Schedule of Lectures |  List of Lectures

Projective planes and loops by Franz Kalhoff (Dortmund University, Germany)

This lecture covers some topics regarding the connections between projective planes and loops. The loops arising from a projective plane P actually stem from the webs of P, i.e. from certain geometric substructures of P. However, our concern is not the one-to-one correspondence between webs and loops. We are mainly interested in the impact the surrounding projective plane has on the arising loops, and therefore the emphasis of this lecture lies on double loops and ternary fields associated to projective planes.

After an introduction to projective planes, their coordinatizations and their global and local automorphisms, we restrict our attention to two main points, namely to the Lenz-Barlotti classification of projective planes and its consequences on their double loops, and secondly to the notion of the extended radical (a certain normal subloop of the multiplicative loop of a ternary field) and its geometric aspects.

GAP and loops by Gabor Nagy (Bolyai Institute, Szeged, Hungary) & Petr Vojtechovsky (University of Denver, USA)

[Presentation 1]   

Even small computational problems in nonassociative algebra are difficult to tackle by hand. We have therefore developed a package for GAP (Groups, Algorithms, and Programming) called LOOPS, that is tailored for calculations with small quasigroups and (mainly) loops. The goal of these lectures is to explain what the capabilities of the package are, and how to use it. As an illustration, we will present several recently solved problems in which LOOPS played an important role.

If possible, the participants should bring their own laptop.

Connected transversals and multiplication groups of loops by Markku Niemenmaa (University of Oulu, Finland)

The left and right translations of a loop generate a group called the multiplication group of the loop. The multiplication group can be characterized in purely group theoretic terms and the notion of connected transversals is central to this characterization. We start by considering the basic properties of connected transversals in a group and we continue by proving group theoretic results which have direct loop theoretic interpretations. Among other things we show that the inner mapping group of a loop can never be a finite nontrivial cyclic group and we also show that finite loops with abelian inner mapping groups are centrally nilpotent.

Quasigroup representations by Jonathan D. H. Smith (Iowa State University, Ames, USA)

The course is designed to give a brief introduction to the three main aspects of quasigroup representation theory: character theory, permutation representations, and module theory.

There will be three lectures. The first is introductory in nature, establishing notation, basic concepts, typical examples, and some slightly more advanced concepts, such as relative multiplication groups and central isotopy, which are needed for the representation theory.

The remaining lectures will cover the three branches of representation theory in turn. The approach will be to give a fairly detailed and careful coverage of the rudiments, at a level accessible to beginning graduate students.
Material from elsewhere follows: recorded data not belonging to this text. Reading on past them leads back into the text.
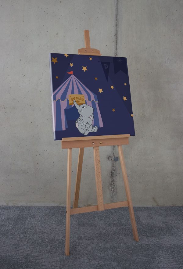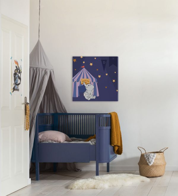Cuadro de Dumbo de Disney «Starry Night with Dumbo» Medidas: 60*60 cm. Presentación: Lienzo impresión digital en marco de madera. Calidad: tejido no tejido.
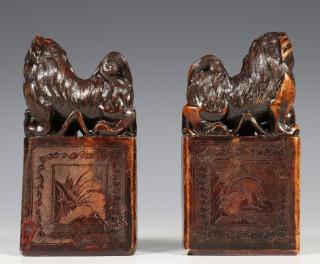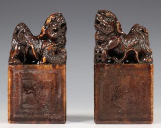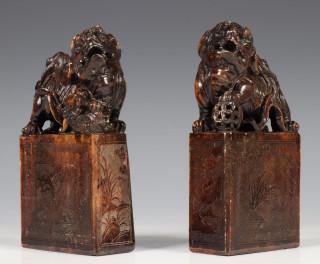 China, een paar stenen stempels met boeddhistische leeuwen en een kleine 'kylin' zegel, 20e eeuw,
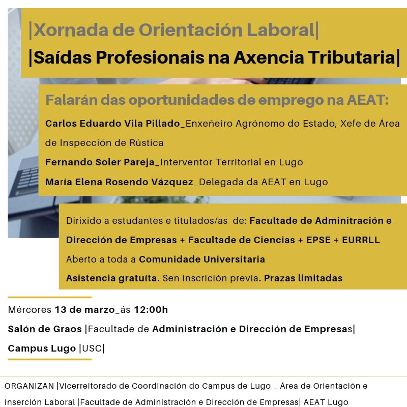 O salón de graos da Facultade de Administración e Dirección de Empresas de Lugo acolle o mércores 13 de marzo, a partir das 12.00h, a xornada ‘As saídas profesionais na Axencia Tributaria’, organizada polo propio centro, a Vicerreitoría de Coordinación do campus de Lugo, a Área da Orientación e Inserción Laboral, así como pola AEAT.
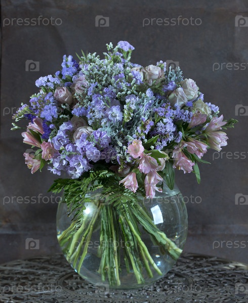 Букет из разных роскошных цветов в стеклянной круглой вазе. Флористический дизайн
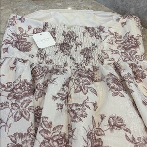 Altrd State floral mini dress. Strapless with silicone tape lining and side boning for added structure. Beautiful floral jacquard. Lined. Smocked zippered back. Size large m. New with tags attached
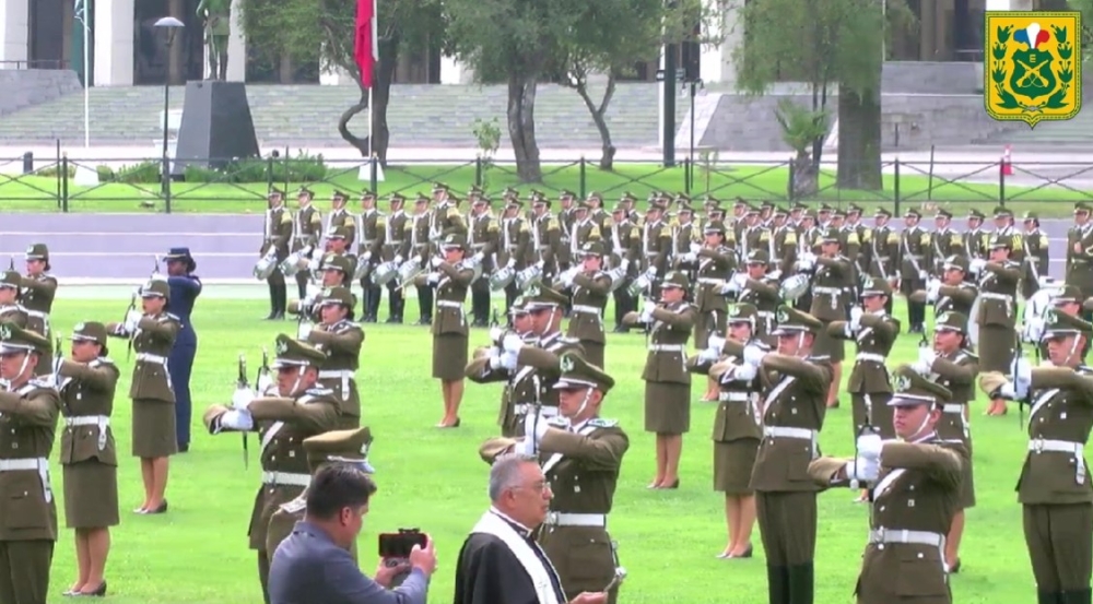 En la solemne ceremonia de entrega de Espadines a los alumnos de Primer año y de Sables a los alumnos de Segundo año, se realizó en el estadio de la Escuela de Carabineros de Chile.
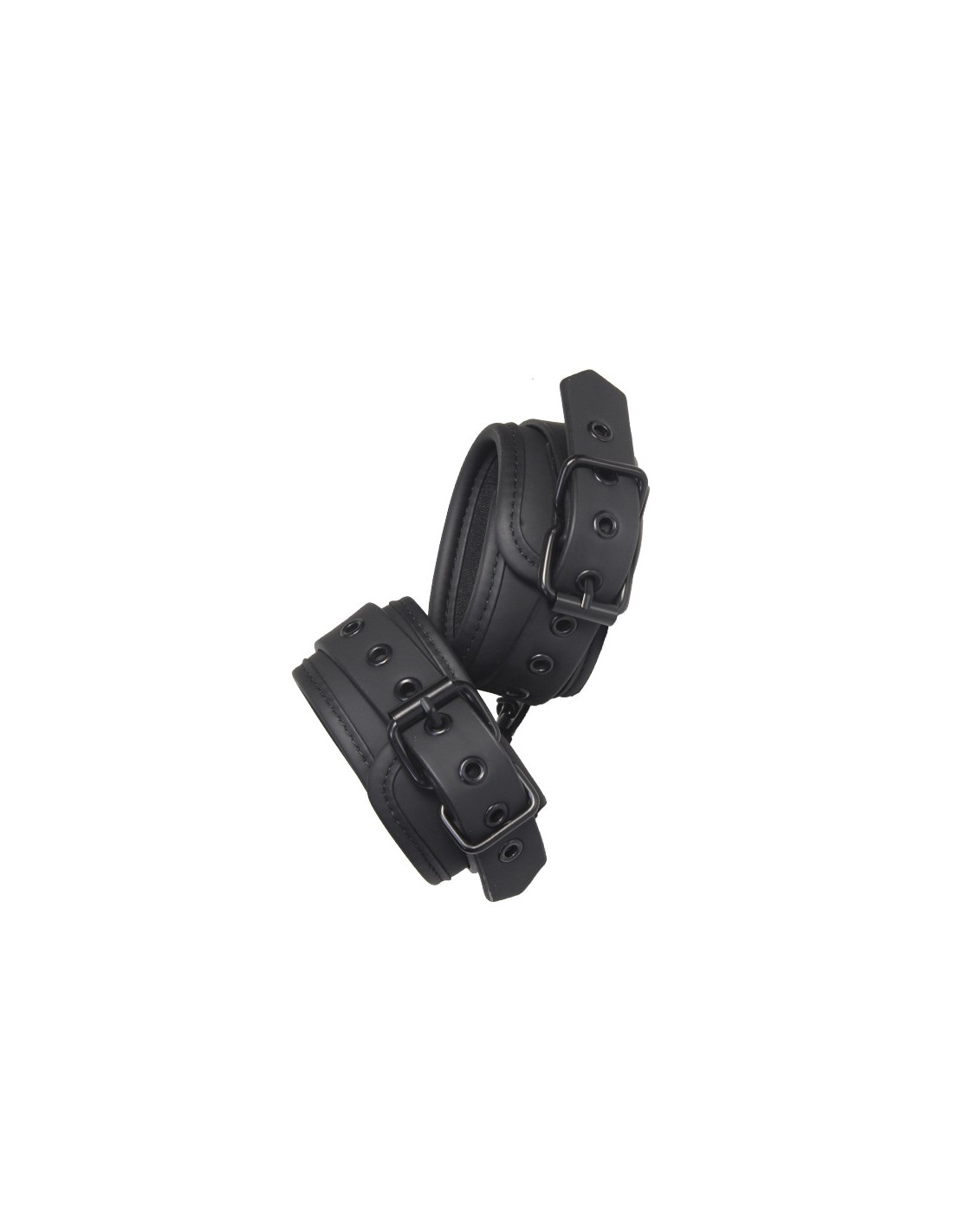 A pair of stylish black ankle cuffs with all black nickel free hardware and lined in a soft yet durable neoprene material for sexy and comfortable play. The ankle cuffs are fully adjustable with the simple belt style buckles. A 12 cm long chain keeps the cuffs together. The chain is detachable on one side with a musketon hook. It is possible to attach more chains or rope hooks, or extra weights.

The aim is to prepare participants for their own exploration of the more advanced techniques and research problems.

Transversals in latin squares by Ian Wanless (Monash University, Australia)

[Presentation]

A latin square of order n is an n by n array of n symbols in which each symbol occurs exactly once in each row and column. A transversal of such a square is a set of n entries such that no two entries share the same row, column or symbol. Transversals are closely related to the notions of complete mappings and orthomorphisms in quasigroups, and are fundamental to the concept of mutually orthogonal latin squares.

This course provides a brief survey of the literature on transversals. We cover (1) existence and enumeration results, (2) generalisations of transversals including partial transversals and plexes, (3) the special case when the latin square is a group table, (4) a connection with covering radii of sets of permutations.

The subject is littered with tantalising conjectures and open problems, many of which will be discussed.